_Dataset extract_:
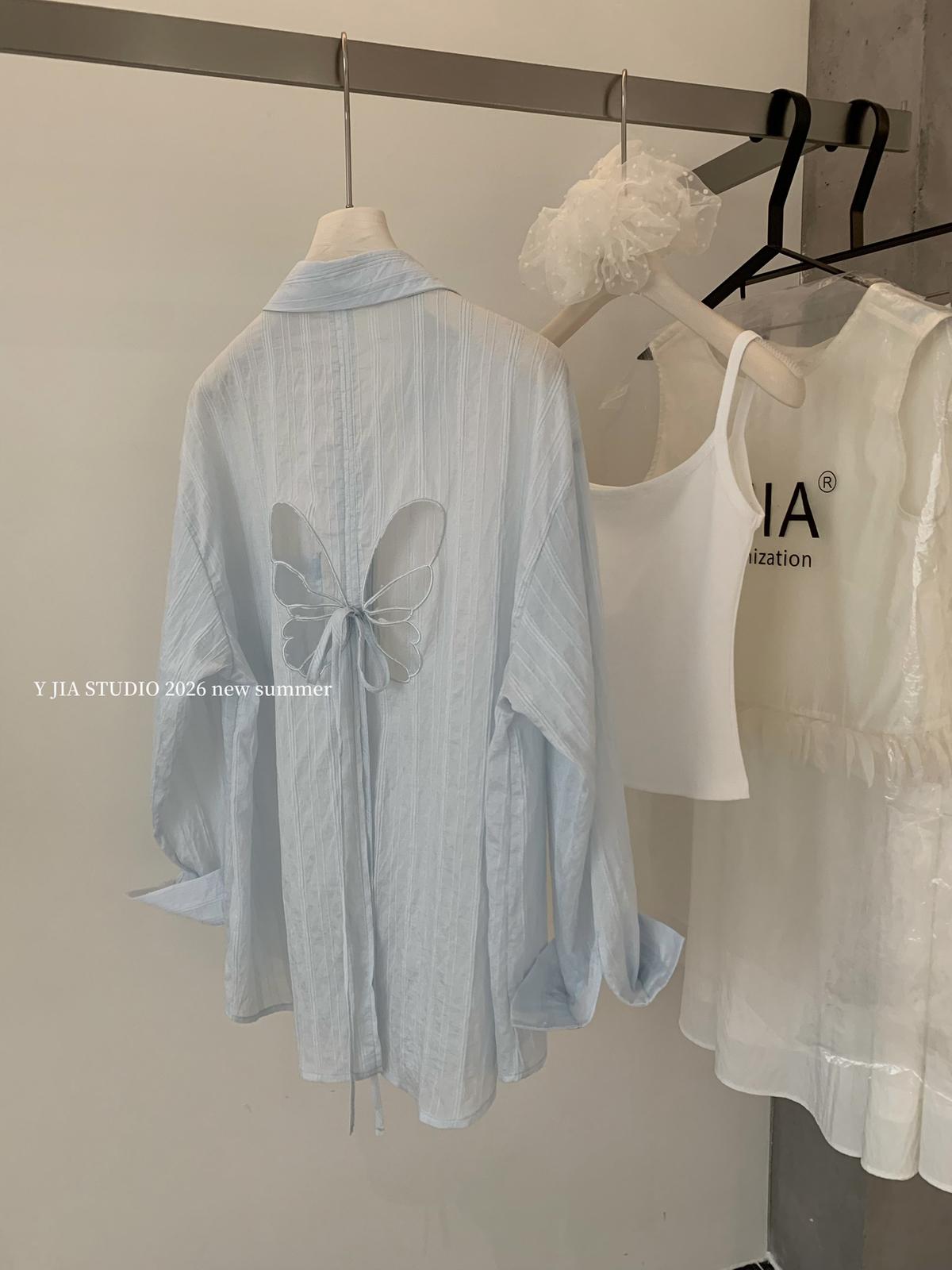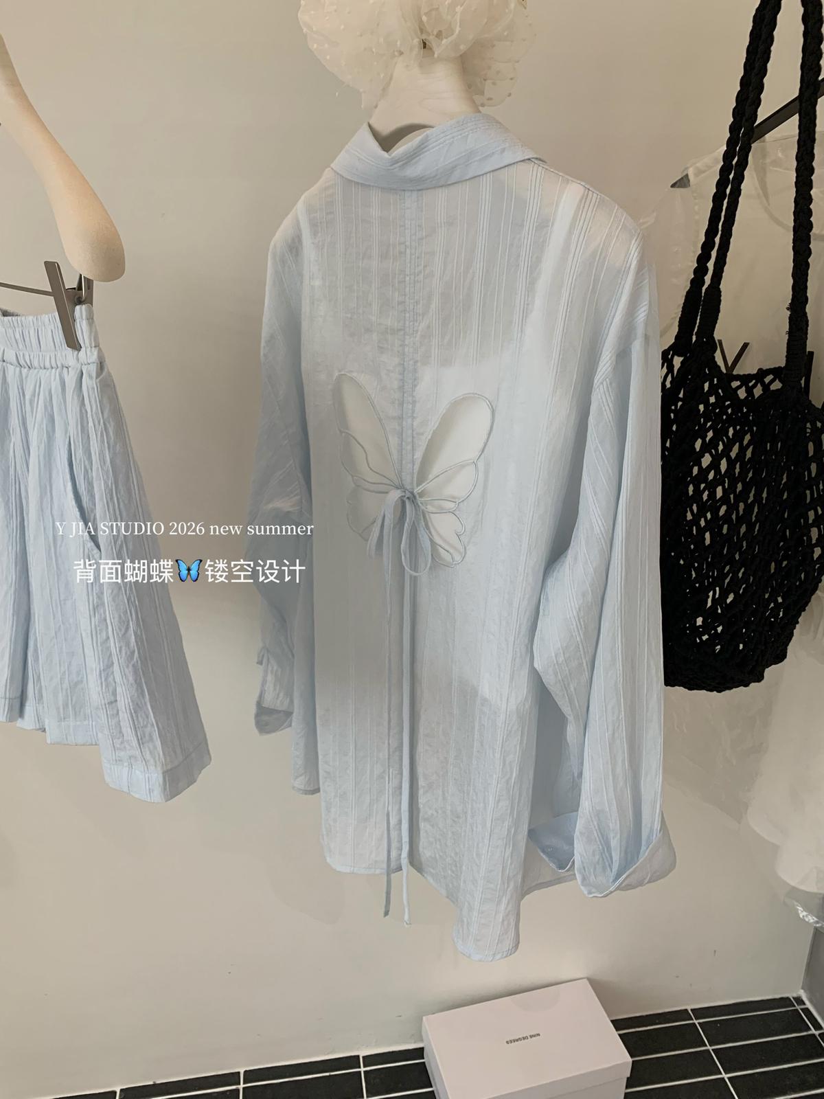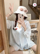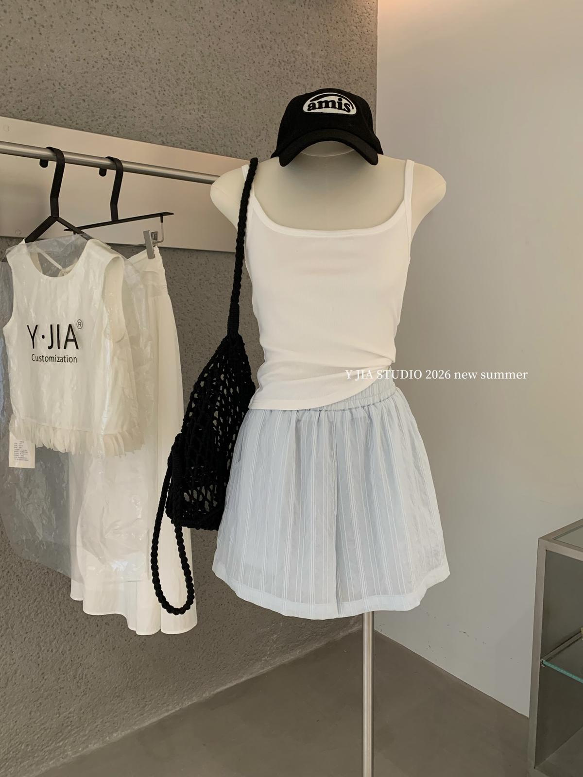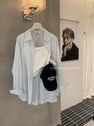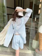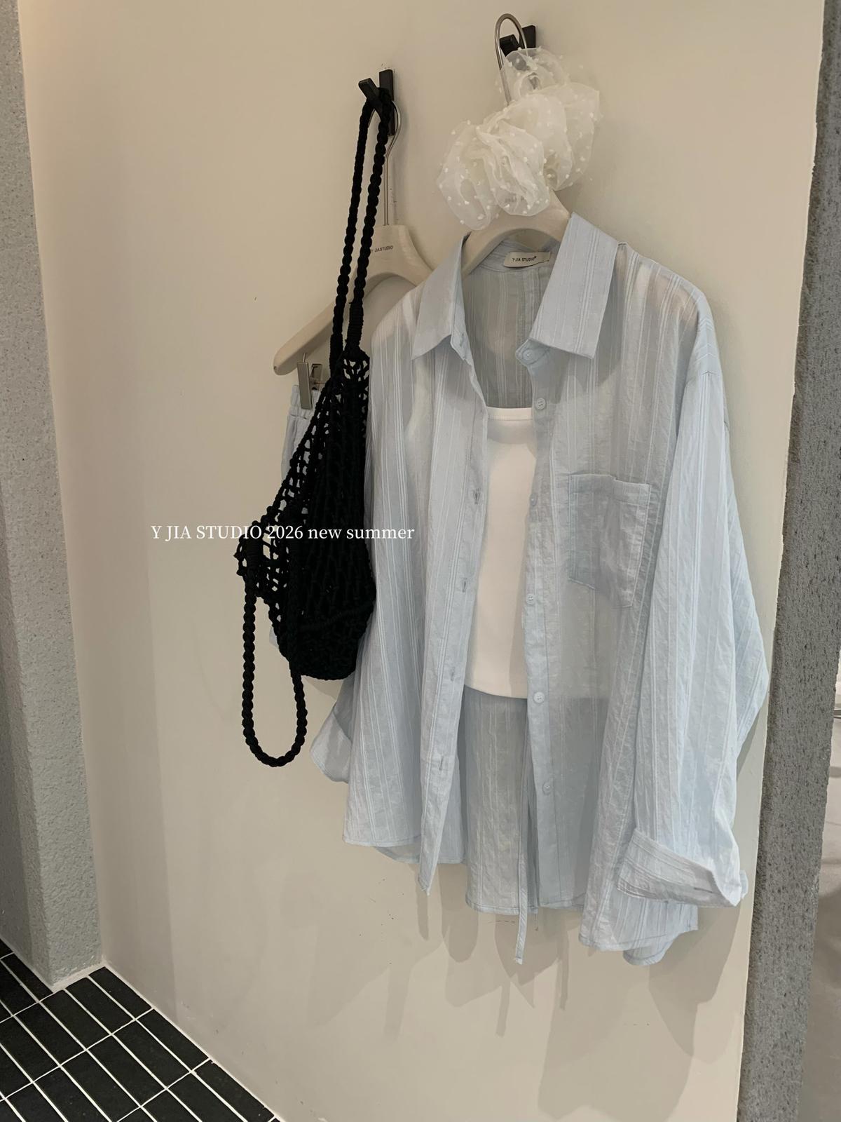 【C9068】冰萃夏日慵懶防曬衣防曬襯衫+顯瘦背心+鬆緊腰休閒短褲三件套套裝
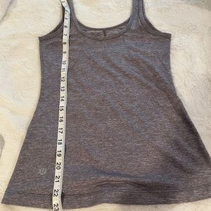 Lululemon gray tank top! No flaws - like new No size dot. I believe this is a size 4 Measurements are posted - compare to your favorite Lulu tops!
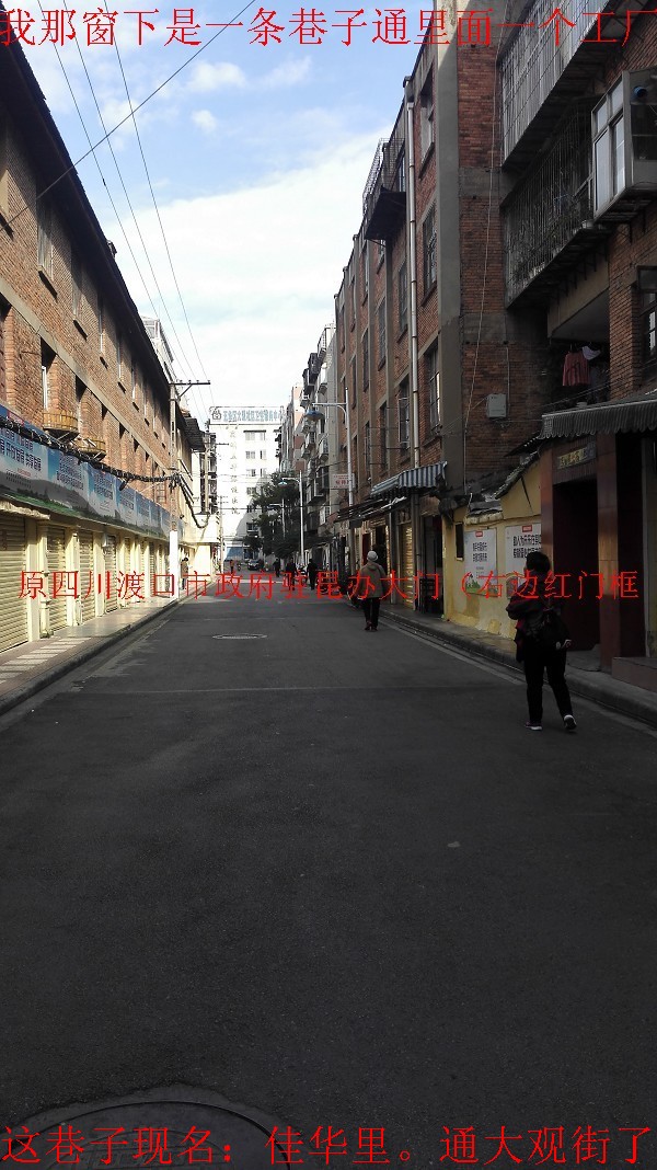 現(xiàn)在,這巷子不再是斷頭路,已改建為名叫佳華里的一條小街,連通新聞路和大觀街。原渡口市駐昆明辦事處的大門及其樓房,依然在原處,但已無辦事處的掛牌。
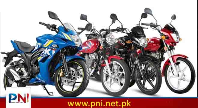اٹلس ہونڈا کے بعد موٹر سائیکلیں بنانے والے دوسری بڑی کمپنی پاک سوزوکی نے اکتوبر 2023 کیلئے اپنی موٹر سائیکلوں کی قیمتوں کا اعلان کردیا، جس کے مطابق موجودہ قیمتیں برقرار رکھی گئی ہیں۔ پاکستان میں ڈالرز کی گرتی ہوئی قدر کے بعد صارفین توقع کررہے ہیں کہ گاڑیوں اور موٹر سائیکلوں کی قیمتوں میں بھی کمی کی جائے گی تاہم پاک سوزوکی کی جانب سے اکتوبر کیلئے قیمتوں میں کمی تبدیلی نہیں کی گئی۔ پاک سوزوکی کی جی ڈی 110 ایس کی قیمت 3 لاکھ 35 ہزار روپے، سوزوکی جی ایس ایکس 125 کی قیمت 4 لاکھ 99 ہزا روپے، سوزوکی جی ایس 150 کی قیمت 3 لاکھ 64 ہزار روپے، سوزوکی جی آر 150 کی قیمت 5 لاکھ 47 ہزار روپے پر برقرار ہیں۔
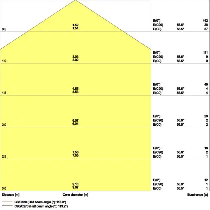 Beispiel: Wird eine Lampe mit einem Abstrahlwinkel von 60 Grad an der Decke (2,5 m Höhe) angebracht, erzeugt sie einen Lichtkegel von 2,9 Metern Durchmesser. Hat die Lampe hingegen einen Abstrahlwinkel von 120 Grad, beträgt der Lichtkegel 8,7 Meter im Durchmesser. |
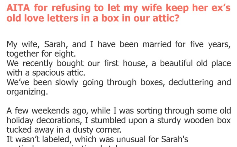 "AITA for refusing to let my wife keep her ex’s old love letters in a box in our attic?"
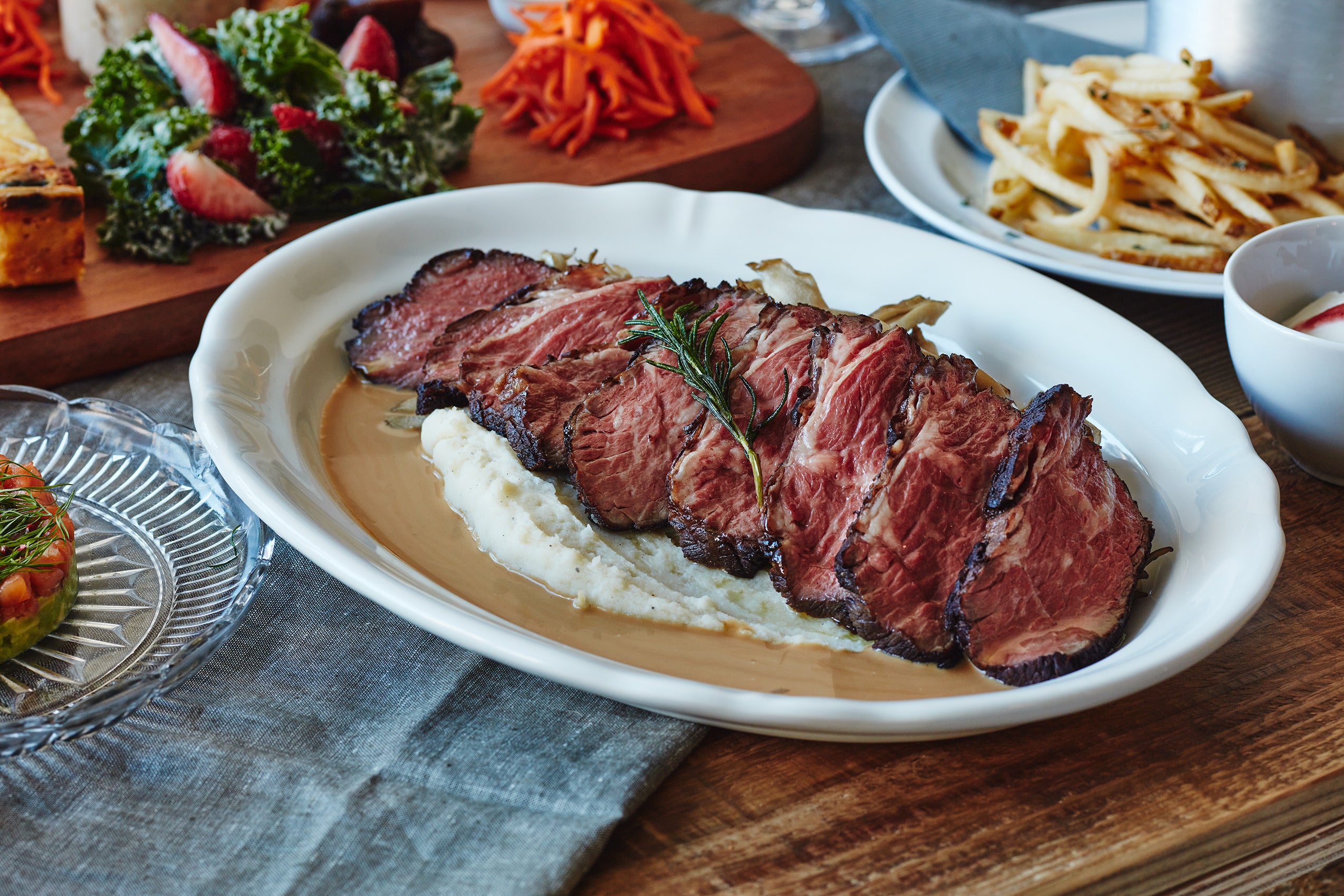 さらにトリュフ塩の香るフライドポテトと、メインディッシュには贅沢にローストビーフをご用意し、お酒の進むお料理が並びます。
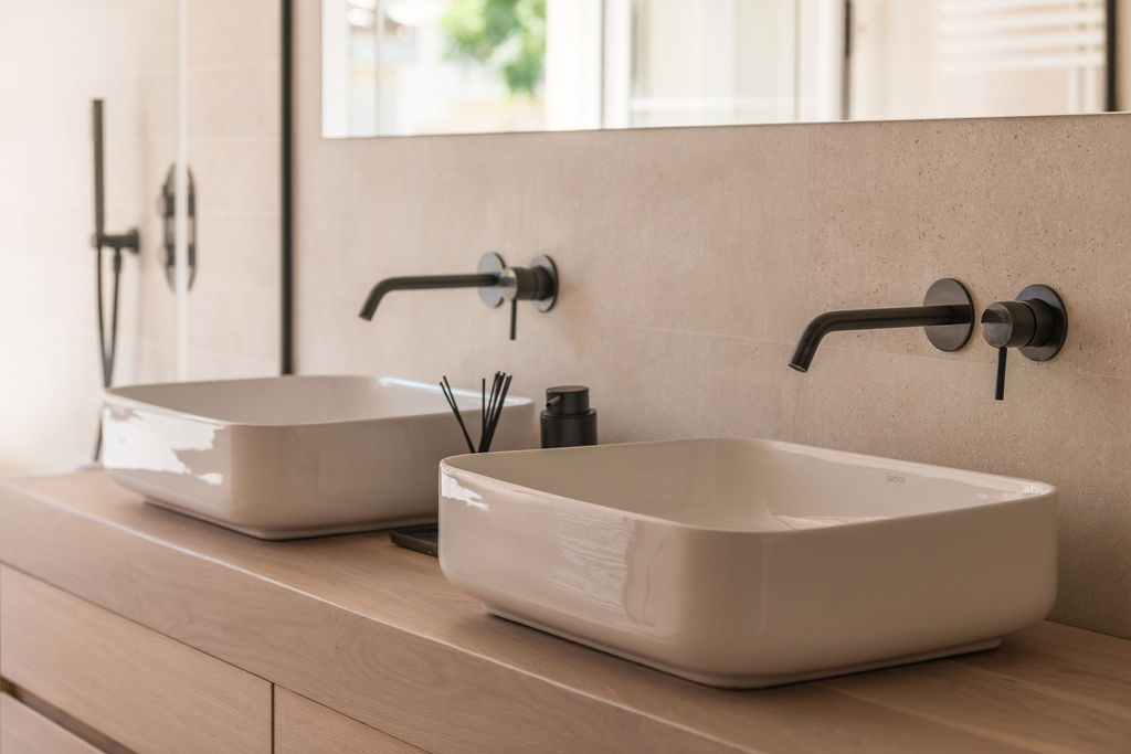 La paleta de colores neutros, en compañía de los detalles en madera del baño, evoca una sensación de serenidad, acentuada por la presencia elegante de accesorios en negro. El tocador con doble lavabo Dinan se convierte en una opción ideal para baños compartidos, infundiendo un toque de lujo y contemporaneidad en la estancia.

_The task_: Print every entry verbatim and leave all pictures out.

_Response to the exercise_:
 【C9068】冰萃夏日慵懶防曬衣防曬襯衫+顯瘦背心+鬆緊腰休閒短褲三件套套裝
 Lululemon gray tank top! No flaws - like new No size dot. I believe this is a size 4 Measurements are posted - compare to your favorite Lulu tops!
 現(xiàn)在,這巷子不再是斷頭路,已改建為名叫佳華里的一條小街,連通新聞路和大觀街。原渡口市駐昆明辦事處的大門及其樓房,依然在原處,但已無辦事處的掛牌。
اٹلس ہونڈا کے بعد موٹر سائیکلیں بنانے والے دوسری بڑی کمپنی پاک سوزوکی نے اکتوبر 2023 کیلئے اپنی موٹر سائیکلوں کی قیمتوں کا اعلان کردیا، جس کے مطابق موجودہ قیمتیں برقرار رکھی گئی ہیں۔ پاکستان میں ڈالرز کی گرتی ہوئی قدر کے بعد صارفین توقع کررہے ہیں کہ گاڑیوں اور موٹر سائیکلوں کی قیمتوں میں بھی کمی کی جائے گی تاہم پاک سوزوکی کی جانب سے اکتوبر کیلئے قیمتوں میں کمی تبدیلی نہیں کی گئی۔ پاک سوزوکی کی جی ڈی 110 ایس کی قیمت 3 لاکھ 35 ہزار روپے، سوزوکی جی ایس ایکس 125 کی قیمت 4 لاکھ 99 ہزا روپے، سوزوکی جی ایس 150 کی قیمت 3 لاکھ 64 ہزار روپے، سوزوکی جی آر 150 کی قیمت 5 لاکھ 47 ہزار روپے پر برقرار ہیں۔
 Beispiel: Wird eine Lampe mit einem Abstrahlwinkel von 60 Grad an der Decke (2,5 m Höhe) angebracht, erzeugt sie einen Lichtkegel von 2,9 Metern Durchmesser. Hat die Lampe hingegen einen Abstrahlwinkel von 120 Grad, beträgt der Lichtkegel 8,7 Meter im Durchmesser. |
 "AITA for refusing to let my wife keep her ex’s old love letters in a box in our attic?"
 さらにトリュフ塩の香るフライドポテトと、メインディッシュには贅沢にローストビーフをご用意し、お酒の進むお料理が並びます。
 La paleta de colores neutros, en compañía de los detalles en madera del baño, evoca una sensación de serenidad, acentuada por la presencia elegante de accesorios en negro. El tocador con doble lavabo Dinan se convierte en una opción ideal para baños compartidos, infundiendo un toque de lujo y contemporaneidad en la estancia.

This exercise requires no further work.